# Worried about puppys weight



## Isabelle (Mar 5, 2010)

Ive got a puppy who is 16wks old and ive just weighed him on the wii fit and hes only 6kgs, i knew he was really tiny for his age but 6kgs sounds worrying. Hes booked in to the vets tomorrow but just wanted to hear your opinions. Hes very active and seems healthy in every way just small.
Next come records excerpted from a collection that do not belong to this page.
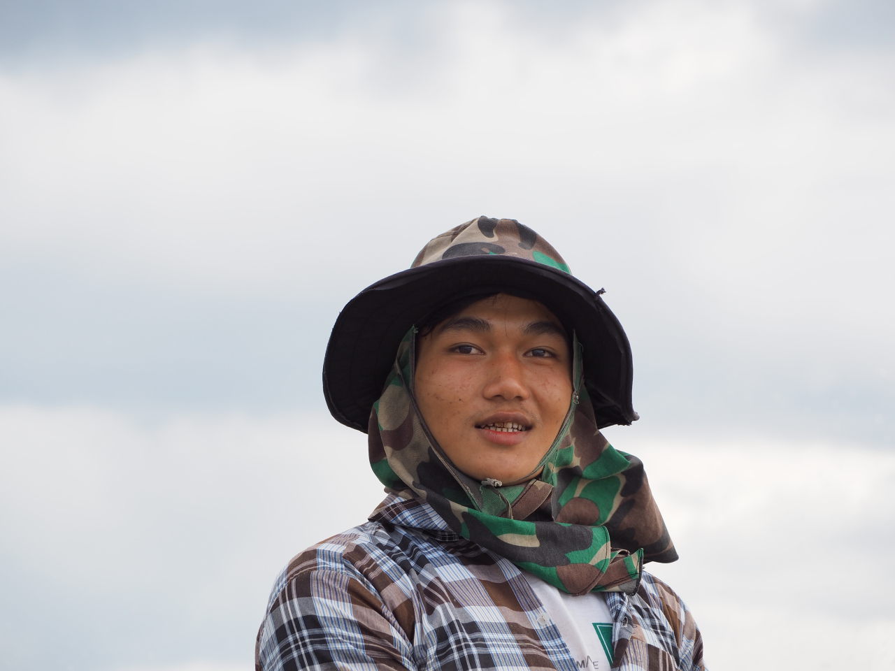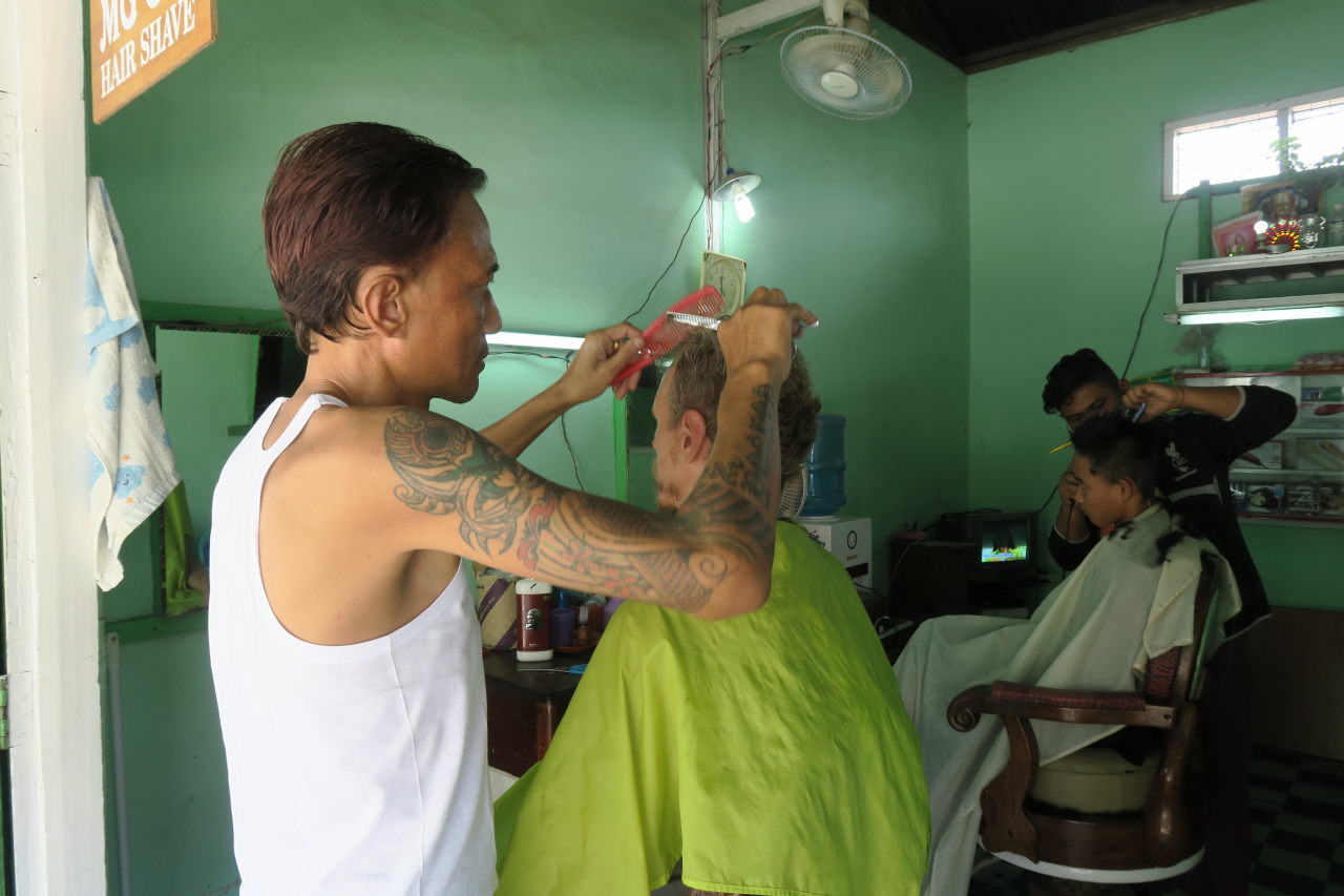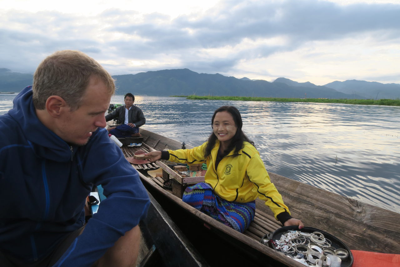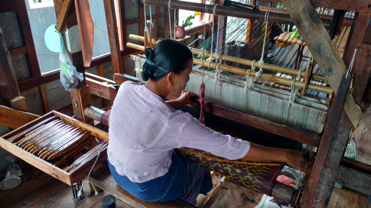 Julien essaye un « longwy », vêtement traditionel birman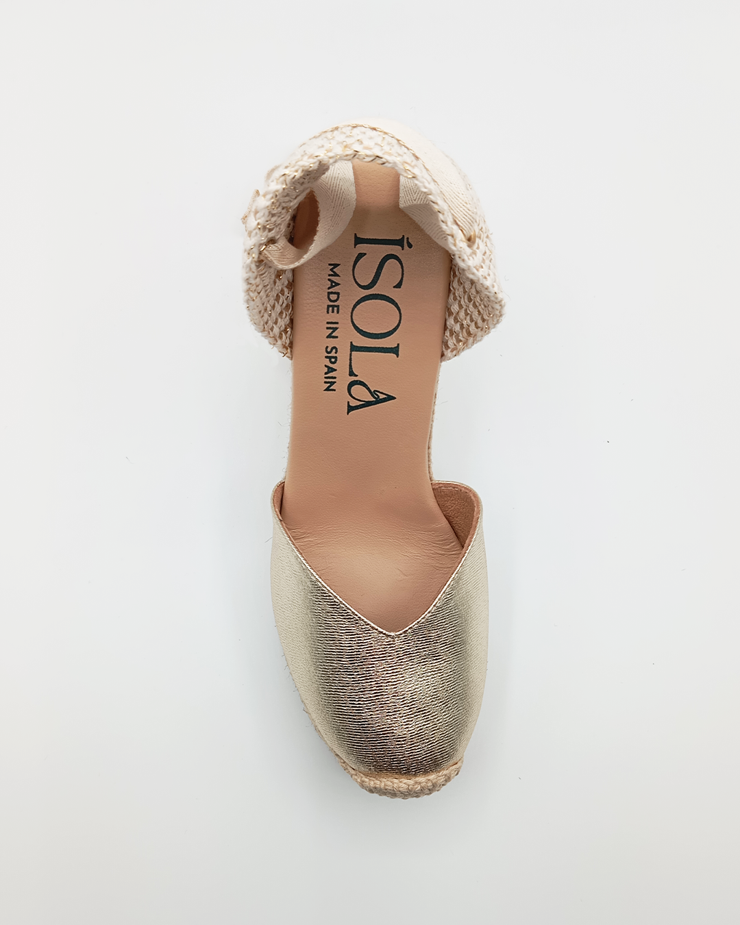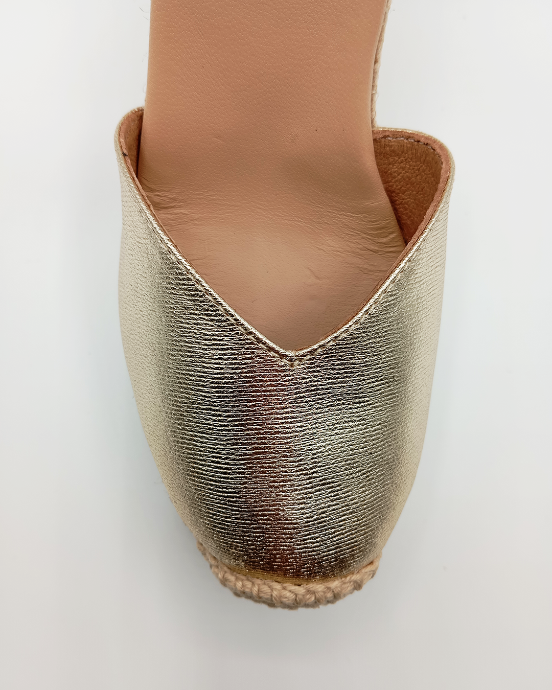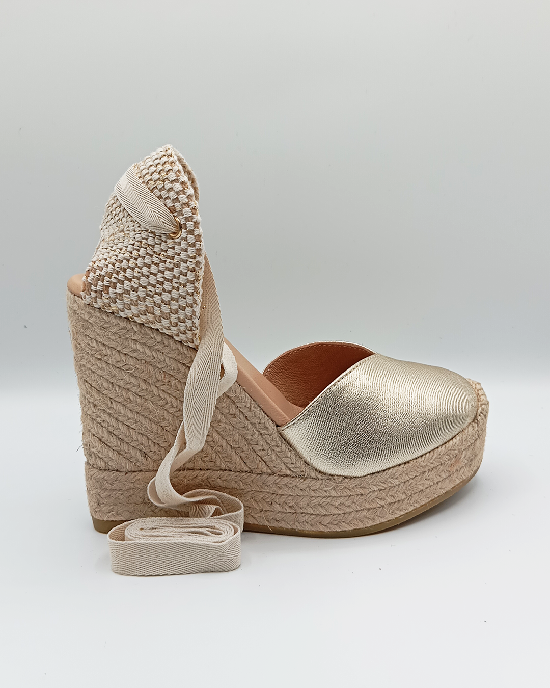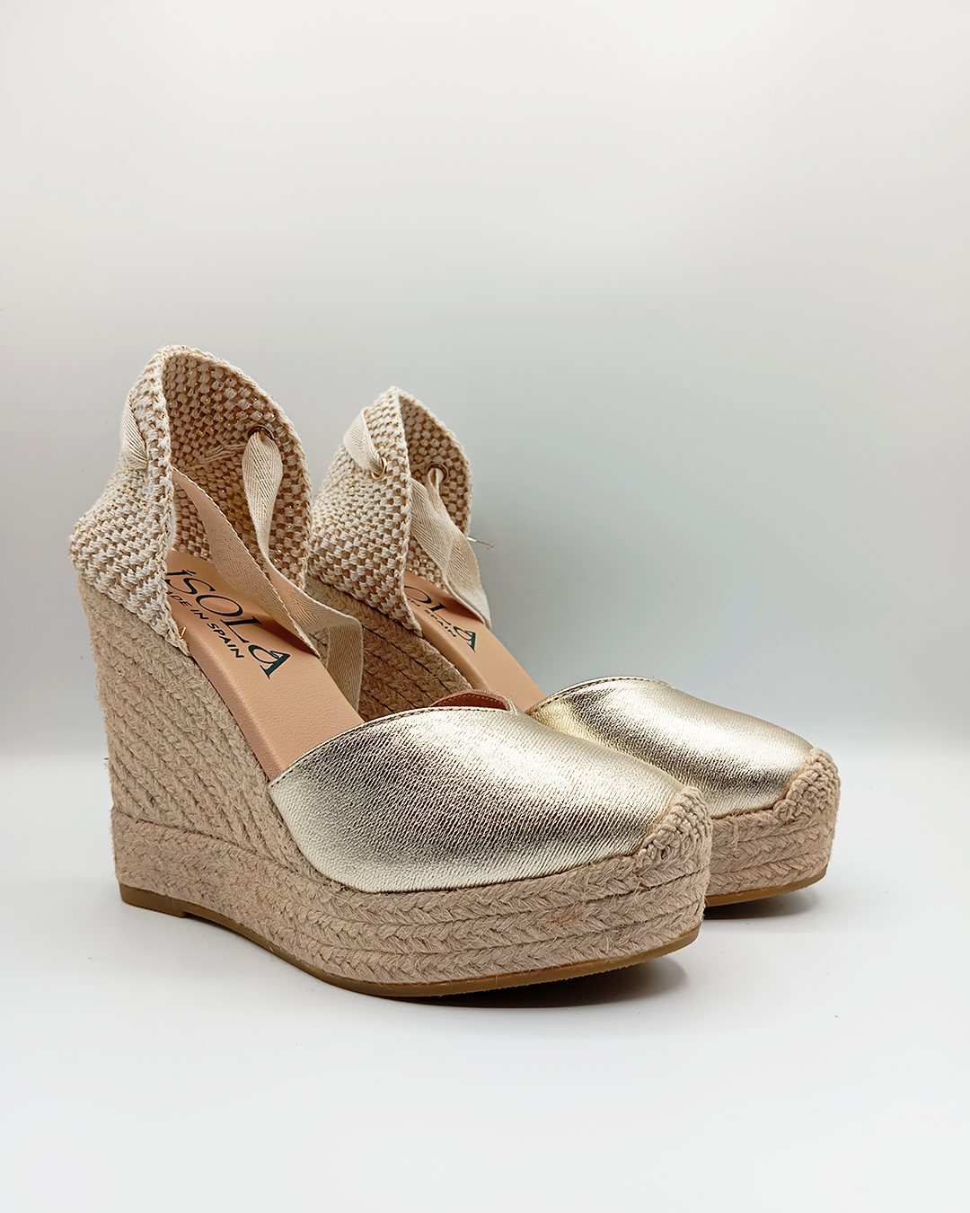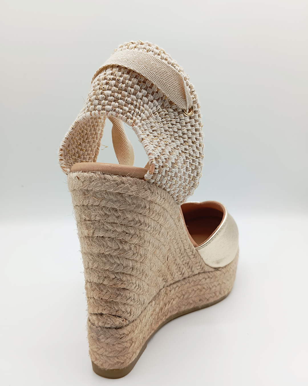 Alpargata de mujer confeccionada en algodón con diseño cerrado, escote en pico y talonera ajustable con cintas que se anudan al tobillo. Incorpora una cómoda plantilla acolchada y una cuña de yute natural de 11,5 cm con plataforma de 3,5 cm. Elaborada artesanalmente en España, es un modelo clásico y versátil que nunca pasa de moda — perfecto para elevar cualquier look con un toque europeo.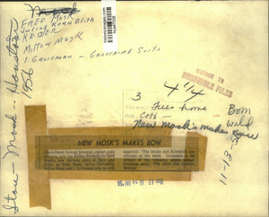 Councilman George Kesseler, center, with scissors, cuts the ribbon formally to open Mosk's new clothing store at main and Rusk, as Fred Mosk, Julius Kornblith, Milton Mosk an J. Grossman look on with approval. the Mosks and Kornbligh are officials of the store. Grossman is an official of the company which makes groshire suits. the store was opened Monday. Mosk's-Houston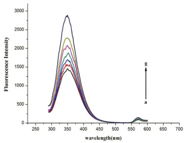 ![]() Figure 3.Fluorescence spectrum of buddleoside and BSA complex. The concentration of BSA was fixed at 2 µmol L-1, and the concentration of buddleoside changed from 0 to 20 µmol L-1 (a-g: 0, 6, 10, 14, 16, 18 and 20 µmol L-1)
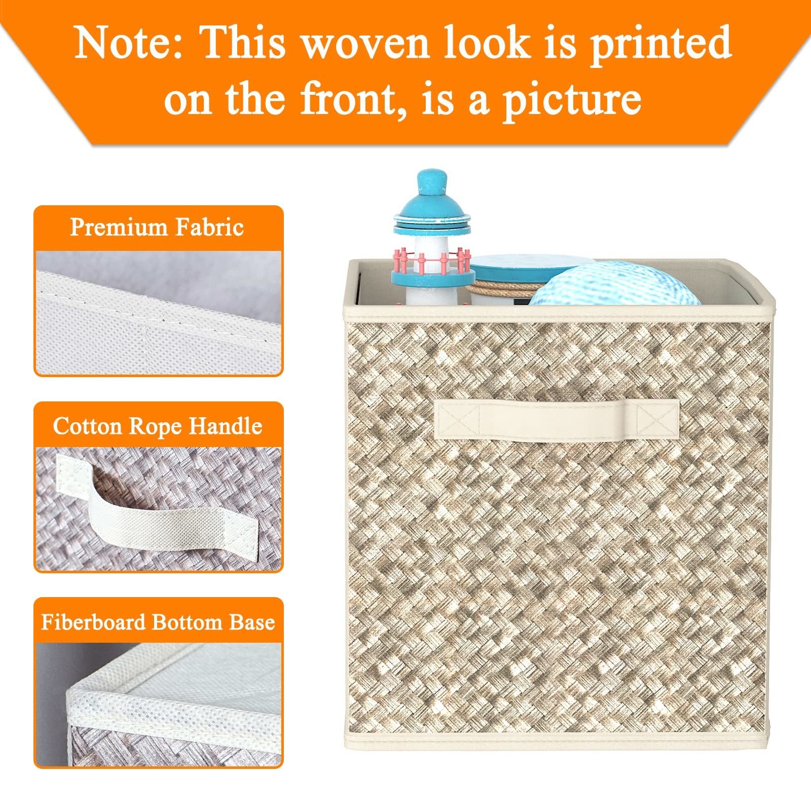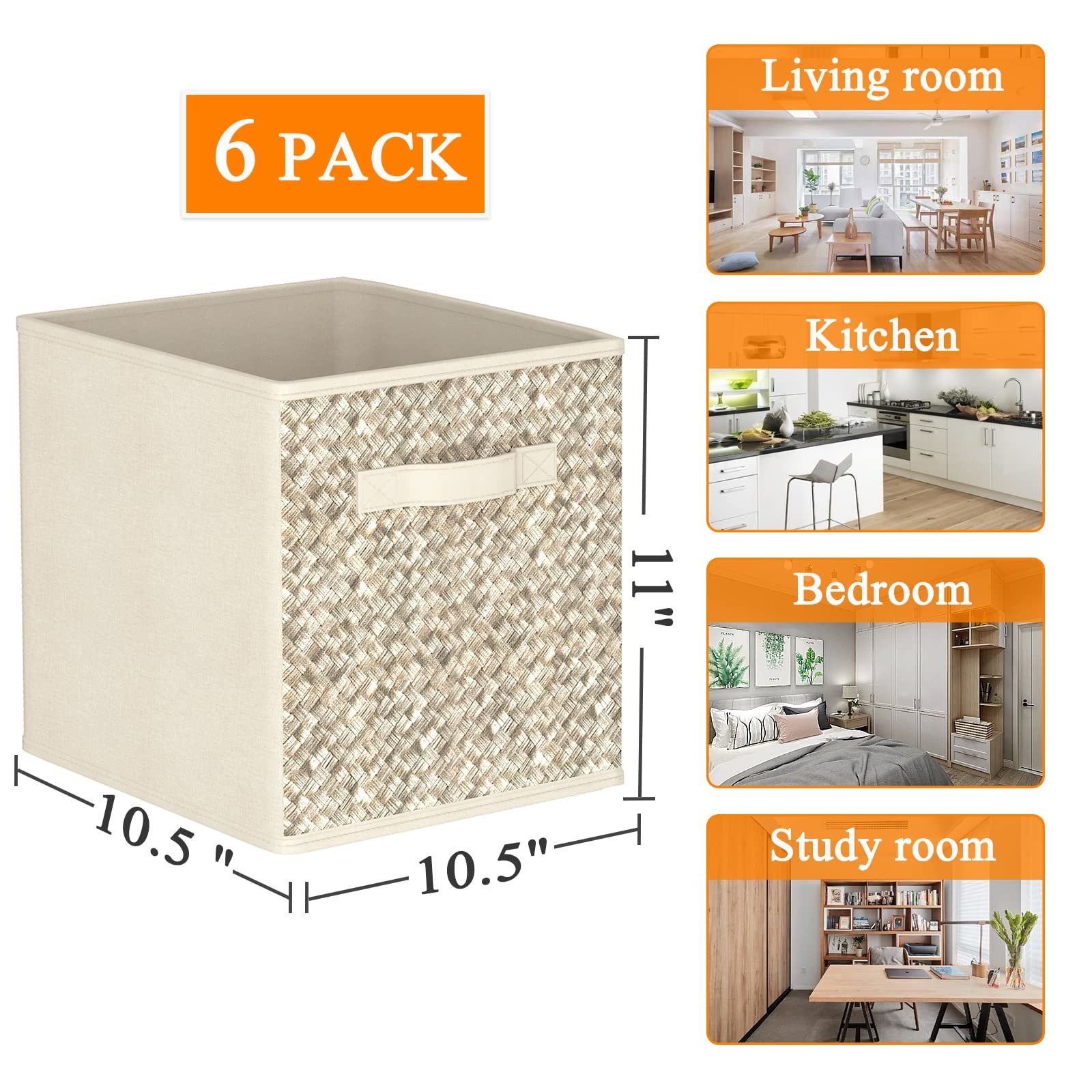 Dimension: 11 inch cube storage bin, Set of 6 baskets, the size of each small fabric basket is 10.5inch(L) x 10.5inch (W) x 11inch (H). Perfect for use as empty gift baskets. These foldable storage bins for a closet organization can meet many storage needs while keeping clothes and household items in the orderColor:Beige - 10.5x10.5x11'' - 6 Pack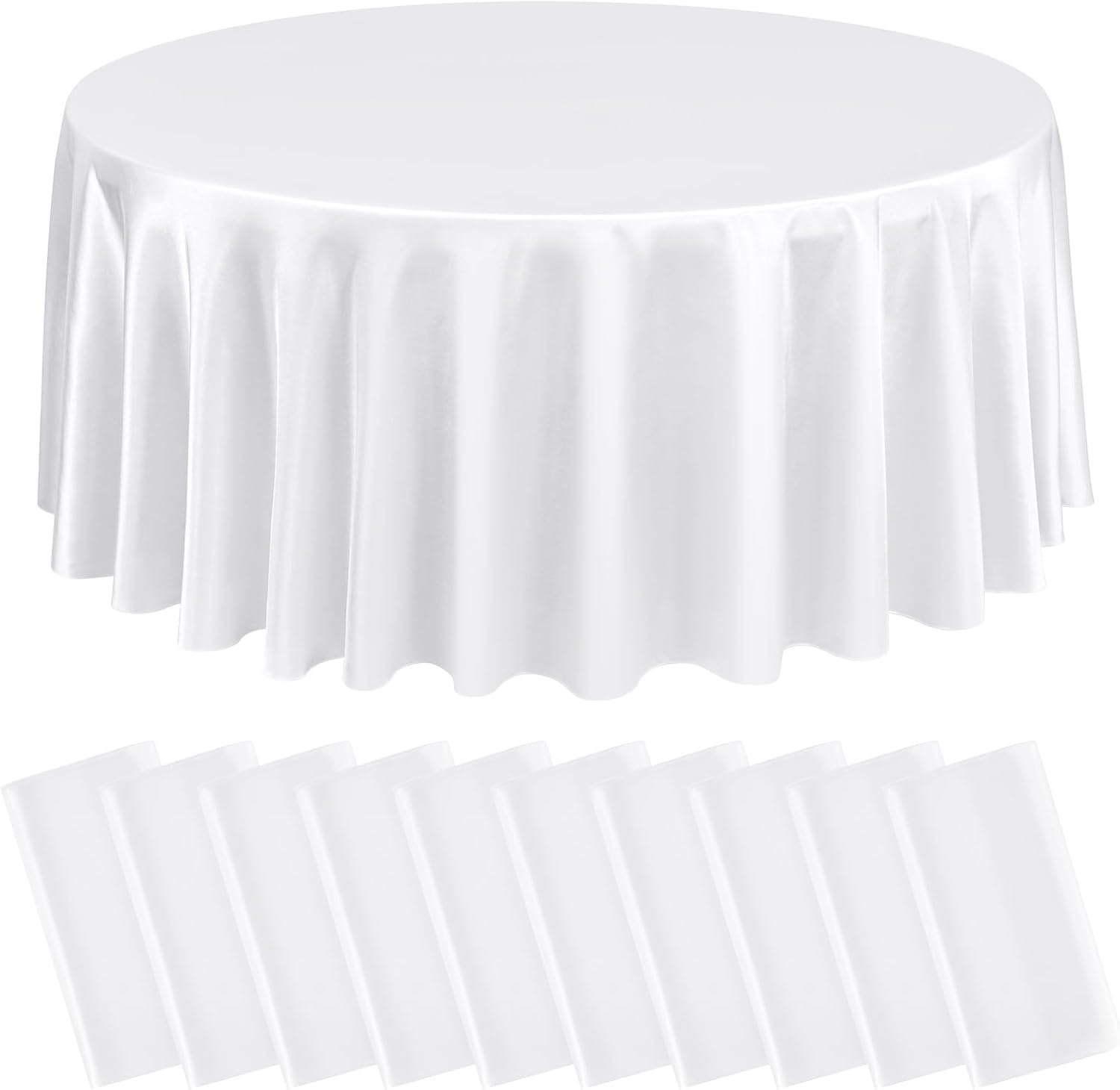 - Package List: You will get 10 packs white satin tablecloth.The size of satin table covers are 120 inch/305 cm, which is large enough to decorate a table that can accommodate 10-12 persons.The tablecloth size is usually larger than your table size. Please measure your table size before buying.
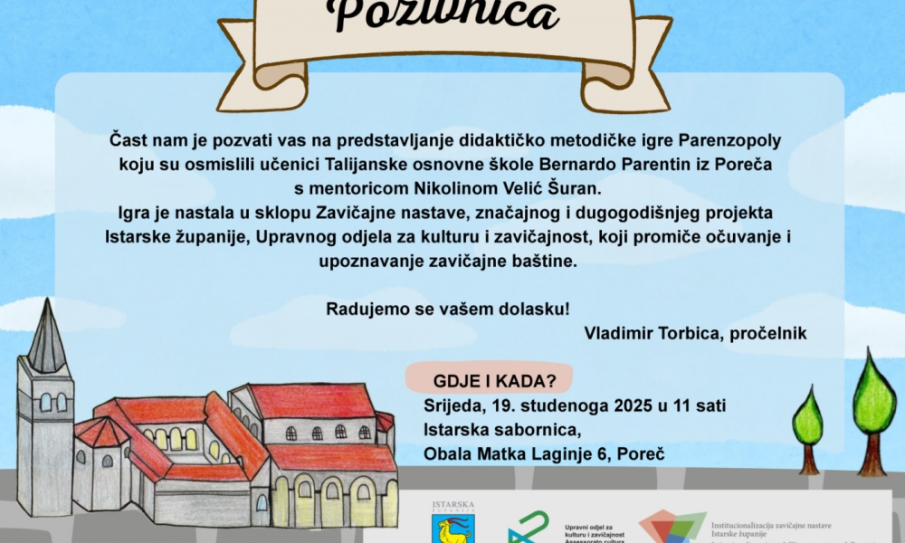 È con grande entusiasmo che vi invitiamo alla presentazione ufficiale di “Parenzopoly”, un gioco didattico-metodico ideato dagli alunni della Scuola Elementare Italiana Bernardo Parentin di Parenzo, alla guida dell’insegnante di storia Nikolina Velić Šuran. L’iniziativa è sostenuta dalla Regione Istriana, che ha creduto nel valore educativo e culturale del progetto e ne ha reso possibile la realizzazione.

His breeder says her dogs start off small but grow for longer and that he will end up being a very large dog. We saw mum and dad and they were pretty big, strong looking dogs. He was one of a litter or 10 and ive seen one of his brothers and two sisters and they were all the same size. He has a pretty good pedigree from what i can tell. Is this something to worry about? The breeder really doesnt seem worried and just says hes will shoot up soon enough. What do you think?


----------



## Stosh (Jun 26, 2010)

If he's otherwise healthy and eating I wouldn't worry about it. A litter of 10 is a lot of puppies!


----------



## Isabelle (Mar 5, 2010)

Really? Ive been so worried he looks so small but his breeder has been great and everything seems to have been done right as in- breeding restrictions only to be lifted if proof of good results from health testing (not that i am considering breeding), his parents have excellent hip scores and she said she wants to hear any worries i have etc etc so i really have no reason to believe her....just that ive never seen a 4 month old gsd pup sooooo small!!


----------



## Rerun (Feb 27, 2006)

At a conversion rate of 1 kg to 2.2 lbs, that puts your pup at around 13 lbs which is WAY small for that age. I would be worried too.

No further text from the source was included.